Check out the research paper: LIMA: Less Is More for Alignment
Meta’s AI chief Yann LeCun said that this is on par with GPT-4 and Bard in terms of performance.
The researchers said that LIMA has shown strong capabilities in learning specific response formats with minimal training examples. They said that it can effectively handle complex queries, ranging from planning travel itineraries to speculating about alternate history.
Interestingly, one of the notable aspects of this new language model’s performance is its ability to generalise well to unseen tasks that were not part of its training data. In other words, LIMA can apply its learned knowledge to new and unfamiliar tasks, demonstrating a level of flexibility and adaptability, shared by the researchers.
In comparison to human-controlled responses, specifically GPT-4, Bard, and DaVinci-003 (trained with human feedback), the responses generated by LIMA were quite impressive.
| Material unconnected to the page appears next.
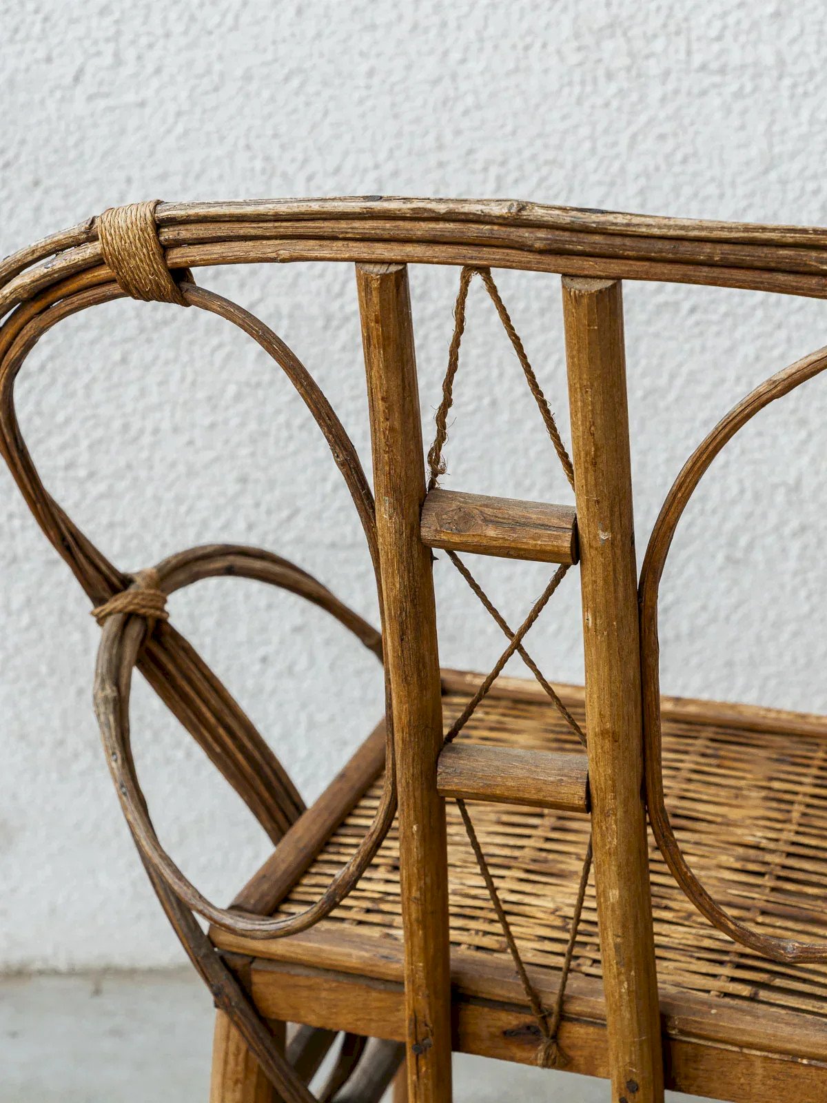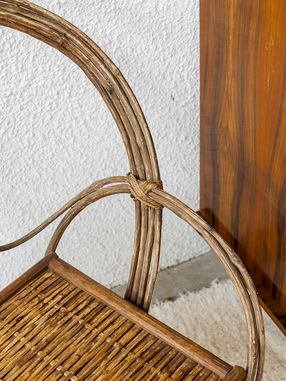 Add a vintage touch to your interior with this 1950s wooden armchair. Its brutalist design features bold lines, while the rope finish adds a unique and warm texture. Ideal for a living room or an office, this armchair combines comfort and aesthetics, making it a must-have for retro decor enthusiasts. A true testament to the craftsmanship of the era, it will charm with its timeless appeal. Width: 76.5 cm Height: 90 cm Seat Height: 41.5 cm Seat Depth: 40 cm Condition: Used item. Item shows some superficial signs of wear,... Used item. Item shows some superficial signs of wear, fully operational and functioning correctly. It may be a display model or an item returned to the store after a short period of use, with possible imperfections. Color: Multicolor Height: Wood, Rope Width: Armchairs and Lounge Chairs Brand: Debongout Type: Vintage Product Material: Wood, Rope Style: Country

For instance, in 43% of cases, responses from LIMA were either equivalent to or preferred over GPT-4. In the case of Bard, LIMA was preferred in 58% of cases. In the case of DaVinci-003, the preference rose to almost 65%.
It is interesting to note that with only limited instruction tuning data, models like LIMA can generate high-quality output.
A few weeks back, Meta also released MEGABYTE, a scalable architecture for modelling long sequences. This new technique has outperformed existing byte-level models across a range of tasks and modalities, allowing large models of sequences of over 1 million tokens.